Exact copies of the lines below, from the one with "北海道で水揚げされた新鮮なス" up to and including the one with "Das wohnlich und", are what this calls for; leave out pictures.

# Input records
--*--

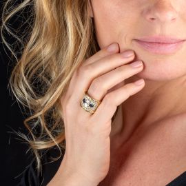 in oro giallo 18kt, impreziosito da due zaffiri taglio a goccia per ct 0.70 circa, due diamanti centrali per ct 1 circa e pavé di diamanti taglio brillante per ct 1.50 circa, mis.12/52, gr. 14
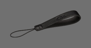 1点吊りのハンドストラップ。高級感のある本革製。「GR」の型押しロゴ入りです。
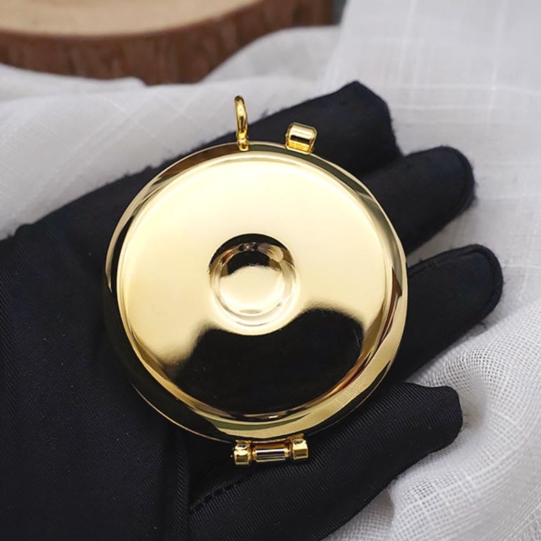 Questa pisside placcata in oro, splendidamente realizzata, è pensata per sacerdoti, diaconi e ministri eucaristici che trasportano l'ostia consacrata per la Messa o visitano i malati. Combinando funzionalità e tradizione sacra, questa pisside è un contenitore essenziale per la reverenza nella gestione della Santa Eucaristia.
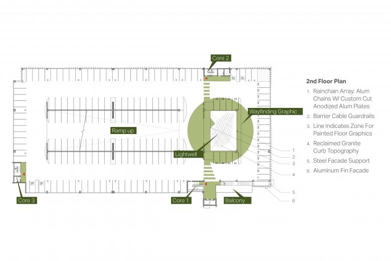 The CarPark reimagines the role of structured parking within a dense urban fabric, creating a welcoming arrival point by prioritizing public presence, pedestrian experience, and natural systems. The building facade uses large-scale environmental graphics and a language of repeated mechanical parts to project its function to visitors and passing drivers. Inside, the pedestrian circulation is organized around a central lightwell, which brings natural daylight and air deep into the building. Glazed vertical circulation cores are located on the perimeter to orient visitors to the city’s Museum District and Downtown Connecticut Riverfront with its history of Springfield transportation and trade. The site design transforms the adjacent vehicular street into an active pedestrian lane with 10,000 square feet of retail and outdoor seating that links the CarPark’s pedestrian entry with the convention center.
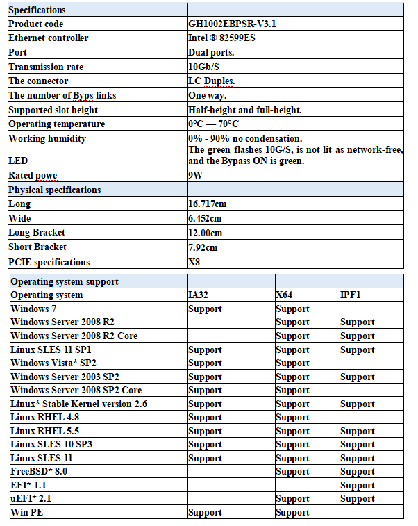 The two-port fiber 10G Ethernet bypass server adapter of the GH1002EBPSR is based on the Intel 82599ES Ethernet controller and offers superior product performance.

--*--

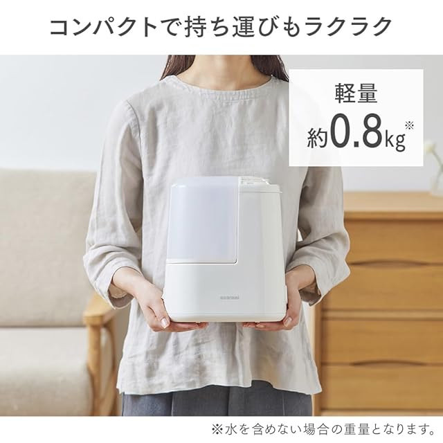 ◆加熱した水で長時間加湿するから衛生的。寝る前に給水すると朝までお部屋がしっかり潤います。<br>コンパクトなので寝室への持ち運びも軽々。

--*--

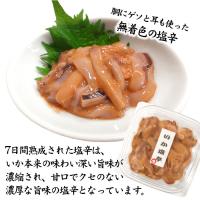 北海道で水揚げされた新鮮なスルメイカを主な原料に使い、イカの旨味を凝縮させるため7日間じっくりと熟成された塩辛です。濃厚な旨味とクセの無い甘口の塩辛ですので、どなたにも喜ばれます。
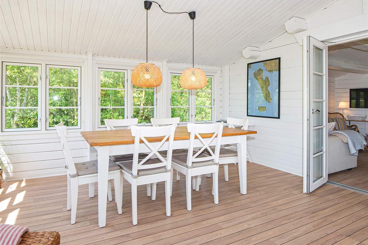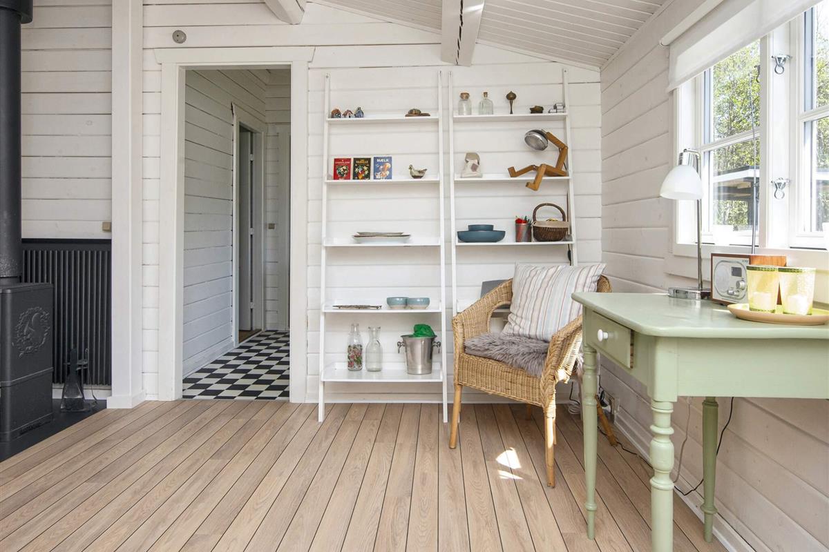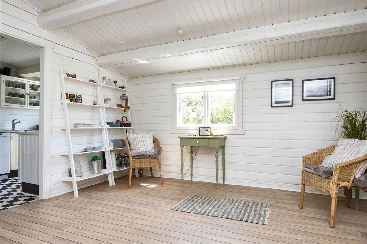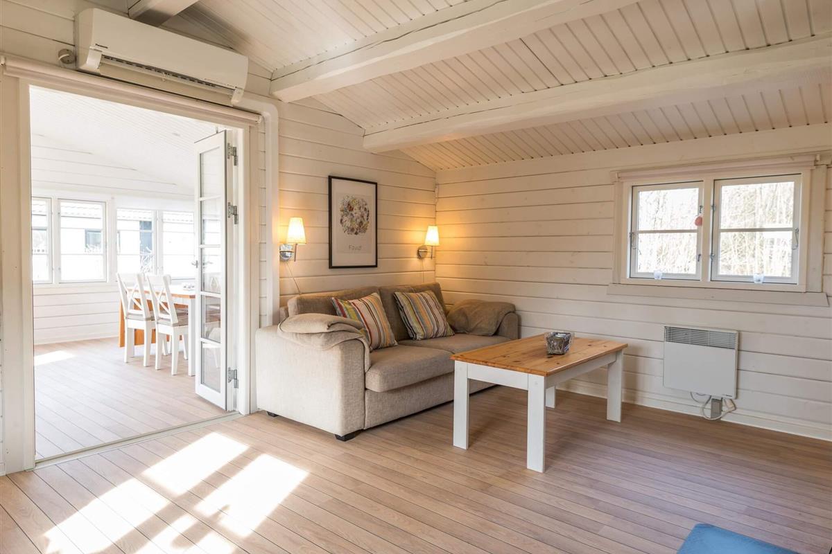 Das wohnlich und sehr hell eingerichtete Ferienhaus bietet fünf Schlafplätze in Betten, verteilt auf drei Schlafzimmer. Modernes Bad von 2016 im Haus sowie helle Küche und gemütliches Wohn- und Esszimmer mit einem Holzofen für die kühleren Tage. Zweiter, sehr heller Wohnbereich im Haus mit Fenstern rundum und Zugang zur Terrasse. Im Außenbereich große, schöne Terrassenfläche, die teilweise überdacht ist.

--*--

# Answer for this exercise
 北海道で水揚げされた新鮮なスルメイカを主な原料に使い、イカの旨味を凝縮させるため7日間じっくりと熟成された塩辛です。濃厚な旨味とクセの無い甘口の塩辛ですので、どなたにも喜ばれます。
 Das wohnlich und sehr hell eingerichtete Ferienhaus bietet fünf Schlafplätze in Betten, verteilt auf drei Schlafzimmer. Modernes Bad von 2016 im Haus sowie helle Küche und gemütliches Wohn- und Esszimmer mit einem Holzofen für die kühleren Tage. Zweiter, sehr heller Wohnbereich im Haus mit Fenstern rundum und Zugang zur Terrasse. Im Außenbereich große, schöne Terrassenfläche, die teilweise überdacht ist.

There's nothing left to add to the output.